Published: July 19, 2013

**Keywords:**explicit construction, extractors, field extension, polynomials, polynomials - multivariate, Frobenius automorphisms, character sums

**Categories:**explicit construction, extractors, field extension, polynomials - multivariate, Frobenius automorphisms, character sums, special issue, APPROX-RANDOM 2012 special issue

**ACM Classification:**F.0, G.2.0, G.3

**AMS Classification:**11T06,11T23,12F05

**Abstract:**
[Plain Text Version]

A polynomial source of randomness over $\F^n$ is a random variable $X=f(Z)$ where $f$ is a polynomial map and $Z$ is a random variable distributed uniformly over $\F^r$ for some integer $r$. The three main parameters of interest associated with a polynomial source are the order $q$ of the field, the (total) degree $D$ of the map $f$, and the base-$q$ logarithm of the size of the range of $f$ over inputs in $\F^r$, denoted by $k$. For simplicity we call $X$ a $(q,D,k)$-source.

Informally, an extractor for $(q,D,k)$-sources is a function $E:\F^n\to \{0,1\}^m$ such that the distribution of the random variable $E(X)$ is close to uniform over $\{0,1\}^m$ for any $(q,D,k)$-source $X$. Generally speaking, the problem of constructing extractors for such sources becomes harder as $q$ and $k$ decrease and as $D$ increases.

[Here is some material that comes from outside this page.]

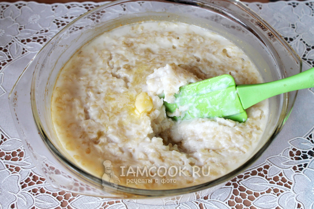 В кашу добавьте топленое масло по вкусу, или добавьте масло прямо в тарелки.
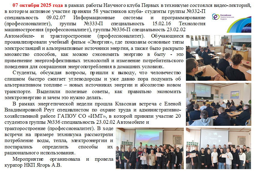 ПРИКАЗ № 253-од от 17.09.2025 г. О персональном составе Научного клуба Юнисты первичного отделения «Движение Первых» ГАПОУ СО «ИМТ»

A rather large number of recent works in the area of derandomization have dealt with the problem of constructing extractors for $(q,1,k)$-sources, also known as “affine” sources. Constructing an extractor for non-affine sources, i.e., for $D>1$, is a much harder problem. Prior to the present work, only one construction was known, and that construction works only for fields of order much larger than $n$ (Dvir et al., CCC 2009). In particular, even for $D=2$, no construction was known for any fixed finite field. In this work we construct extractors for $(q,D,k)$-sources for fields of constant order. Our proof builds on the work of DeVos and Gabizon (CCC 2010) on extractors for affine sources. Like the DeVos--Gabizon paper, our result makes crucial use of a theorem of Hou, Leung and Xiang (J. Number Theory 2002) which gives a lower bound on the dimension of products of subspaces.

A conference version of this paper appeared in the Proceedings of the 16th Internat. Workshop on Randomization and Computation (RANDOM'12).